5.) Drink more water. When you cut out sugary drinks you not only cut out the cost from your budget you also save calories and your health.

Stay tuned Monday for more baby steps to better eating.

Originally Posted November 2009


  1. This is a great starter list. I'm actually excited to see how many of these I am at least doing somewhat. I use mainly butter and olive oil. I haven't tried coconut oil yet but my chiropractor highly recommends it so it has been on my list of things to try. I've been using a lot more wheat flour as well. Water we are great with in the summer but it is harder in the winter.

    The brown rice is the one that we just haven't managed so far. I tried it a while back and neither of us could adjust to the different taste and texture. I'm thinking it might be easier for us to just cut down on the rice that we eat instead of trying to change this one over.

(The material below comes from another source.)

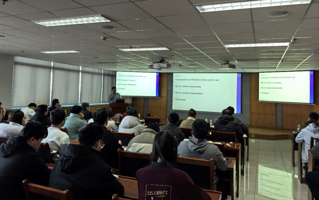 侯嵩博士就VIRIDIEN公司在人工智能对地震数据处理与解释中的前沿应用与突破,开展了主题为“人工智能驱动地震数据处理与解释的前沿发展”的学术报告。他通过实际案例分析,分享了如何利用人工智能技术优化地震数据从采集到解释的全过程,展示了多学科协作对技术转化的推动作用。同时也展望了人工智能在地球科学领域的潜在发展方向、技术前沿和面临的关键挑战。

    Thank you so much for this series! I think it is going to be a big encouragement to me.

    (Thanks also for the Swagbucks info. We might have to redo my computer (again!) this weekend so I'll look into it when that drama is done)

  2. We are doing most of those things now. We switched to wheat flour almost immediately after I started baking our own bread. It's so much better, and everyone prefers homemade bread to store bought.

    The brown rice was a bit tough for our teenagers to handle, so in the beginning we mixed it 50% with white rice. Now, it's all we cook with and they've grown accustomed to it. Not sure they'll stick with it after moving out, but at least they'll be healthier while they are at home with us.

    We just recently started experimenting with coconut oil. I love the flavor it gives to popcorn, but it has a very strong scent that not everyone can really handle well. We also got some coconut flour to try, so I can't wait to see how that turns out.

    Margarine is tough for us. We do use it, and a lot of it. I use real butter for baking, but margarine is what we use to butter our bread, add to mashed potatoes, etc. It just has such a better/stronger flavor. I'd like to switch though, and for me it's more of an intellectual exercise once I get going with it. If it's better for me, then I'll do it and enjoy it. But for my family, it's more difficult.

    Sugar is also a little difficult as I have a severe case of gestational diabetes. Right now, I'm using a lot of splenda, but we also use honey too. I've never used molasses or even heard of rapedura. I'll look into those alternatives.

    Thanks for the great post. We should all be reminded about healthier eating habits, and ways in witch we can switch our families over to a better food lifestyle. It's time for us to stop being fat, lazy Americans and take better care of four families. Being diagnosed with GD has really changed the way I view food, and motivated both myself and my husband to provide healthier meals for our family.

  3. Good tips. Another few ideas for sweeteners are agave nectar, yacon root syrup and sucanat (SUgar CAne NATural). And definitely yes to honey! I would definitely not recommend Splenda. I highly recommend anyone using it to thouroughly research this (falsely marketed) product before putting it into the bodies of loved ones (yourself included). Another alternative to the already mentioned sweetners is using apples and/or carrots to sweeten baked breads, soups and other dishes.

    On water: Clean, cold & fresh spring water is best. If this is not available, try adding a squeeze of lemon, a sprig of mint or rosemary and a pinch of Himalayan crystal salt to make your water more alive. This is sure to please the palate of the person who "doesn't like the taste of water". The more we like the taste, the more we drink. The more water we drink, the healthier we are. Also, MSM powder is great to add to your drinking water.

  4. such a great post! my husband always reminds friends about margarine and plastic...when they're bragging up all the Free margarine they scored with coupons...really butter is the way to go! we switched up our diets about a year and a half ago and strive really hard to do all the things on you list, i used to store rice, flour and sugar in 5 gallon buckets...but they were all white and i got rid of we have only brown rice and TONS of it, natural sweeteners and mostly gluten free yet protein rich flours! i read somewhere that most all the artificial sugars are coal-tar compounds...nasty!